Did you really think I was going to give up on my annual opportunity to pontificate about the arts? Here, in no particular order, are my 10 favorite  movies of 2008 
Visually immaculate, emotionally profound and historically insightful, Wajda's Katyn is an important work in every sense of the term - not only a reminder of one of the worst acts of genocide in human history, but a sublime cinematic work, one that deserves to rank with masterpieces like Kanal and Pokolenie. Pawel Edelman's cinematography is exquisite, Penderecki's score is as glorious as you would expect, and the final scenes of the film, with their unflinching depiction of systematic mass murder, are among the most chilling I've ever seen. But what really shines here is the way Wajda balances the human and the historic, so that his characters retain their individuality even as their small, deeply personal stories give us a sense of the times they lived in. At its best, Katyn has both the weight and the beauty of Greek tragedy - a sense of heroic sadness, of a history relentless and fatal to all who stumble in her path.
Is it a documentary? A satire? A surrealist adventure? A nostalgic homecoming? A memoir on film? Whatever it is, Guy Maddin's whimsical, lyrical and entirely hilarious film is one of the most exhilarating things I've seen on screen this year - a zany, prodigious work that is in equal parts a tribute to memory and a celebration of the imagination, and underscores how thin the line dividing those two really is. To label My Winnipeg 'experimental' would be to do it an injustice - wildly inventive as the film is, it remains true to one of cinema's oldest and most long-standing traditions: the ability of movies to bring our dreams to life.

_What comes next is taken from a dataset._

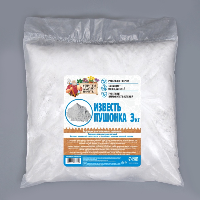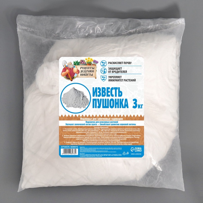 Производитель: Рецепты дедушки Никиты; Габариты: 25 x 24 x 8; Доставка: Платная; Страна: Россия; В боксе: 1 шт; Состав: См. на упаковке; Материалы: см. на упаковке; Фасовка: по 1 шт; Индивидуальная упаковка: Пакет; Сертификат: Не подлежит сертификации; Область применения: Универсальные; Происхождение: Минеральные (неорганические); Препаративная форма: Порошок; Вид: Удобрения; Состав (действующее вещество): Кальций; Периоды применения: Весна, Осень; Комплексные удобрения: Нет; Класс опасности: 4 класс (мало опасные); Группы элементов: Макроудобрения; Эффект: Плодоношение; Вес/Объём: 3 кг

If whimsical and dreamlike aren't your cup of tea, then you can do no better than watch The Pool. Acutely observed and psychologically and linguistically pitch-perfect, The Pool is a work of exemplary realism - a movie that manages to portray poverty in India without falling prey to either pessimism, escapism or sentimentality, and that depicts, with unerring accuracy, the emotional contradictions that come with being under-privileged. Chris Smith's experience as a documentary film-maker has given him both an eye for detail and an ability to withhold judgment, to tell a story without weighting it down with 'meanings', and the result is a film that would have been a major achievement coming from an Indian film maker, and that, coming from an American, is nothing short of extraordinary.
4 Months, 3 Weeks and 2 Days
And while we're on the subject of realism...Given the amount of praise Cristian Mungiu's film has received, anything I add is going to be redundant. So I'll content myself by saying that 4 Months, 3 Weeks and 2 Days deserves every word of that praise and more.
Is it possible to be both cheerful and realistic? That question that lies at the heart of Mike Leigh's Happy-Go-Lucky. Leigh's answer to that question is a resounding yes - an answer provided both by the central character of Happy-Go-Lucky (the preternaturally optimistic Poppy), as well as by the film itself. As lives go, Poppy's is neither particularly harsh nor particularly pleasant, so that her vivacious good humour (brilliantly brought to life by Sally Hawkins) becomes a matter of pure perspective, a consequence of her personality rather than of luck. Poppy is happy because she chooses to be. And while that may sound like a childishly simple philosophy - it is - when was the last time you saw a film based on that principle?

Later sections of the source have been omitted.